On December 31, 2021, the Issuer granted Mr. Lorber an allocation of 1,250,000 vesting ordinary shares (the “Restricted Shares ??)” in accordance with the Issuer’s 2021 Management Incentive Plan. . Mr. Lorber has the exclusive voting right in respect of the Restricted Shares. The restricted shares will vest in four equal annual installments starting December 15, 2022, subject to the continued employment of Mr. Lorber by the issuer until each of these vesting dates or to an early vesting. in the event of death or disability, termination of Mr. Lorber. employment without cause or resignation for cause, or change of control. The above description does not claim to be complete and is qualified in its entirety by reference to the restricted share allocation agreement, which is attached as appendix 10.1 to this appendix 13D and incorporated in this section 4 by reference.

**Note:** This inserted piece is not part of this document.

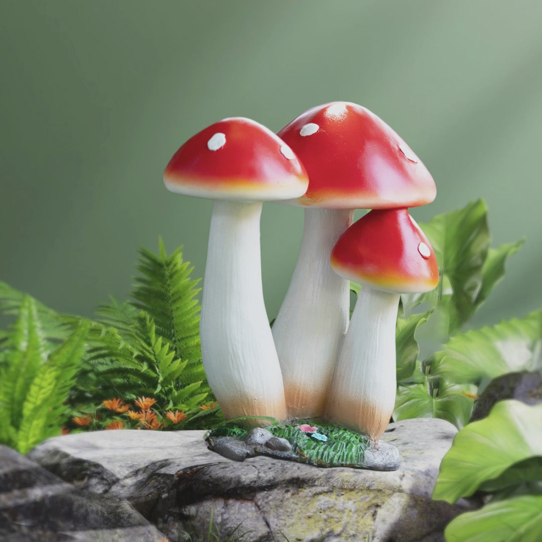 Large Outdoor Decor, Mushroom Sculpture, Red Polyresin 15 inch 39 cm

All of the shares held by Mr. Lorber are held by Mr. Lorber for investment purposes or as a result of executive compensation decisions made by the Issuer. Mr. Lorber may, subject to continued evaluation of the factors described herein, from time to time acquire additional securities of the Issuer in the open market or through privately traded transactions, or otherwise. Depending on the factors discussed herein, Mr. Lorber may, from time to time, hold or sell all or a portion of his shares in the open market or in privately traded transactions. Any action Mr. Lorber may take will depend on his consideration of many factors, including, but not limited to, the availability of the shares for purchase and the price levels of those shares; general market and economic conditions; continuous assessment of the activity and prospects of the Issuer; the relative attractiveness of alternative business and investment opportunities; the actions of the management and of the Board of Directors of the Issuer; personal financial planning; personal philanthropic efforts; estate planning; and other future developments.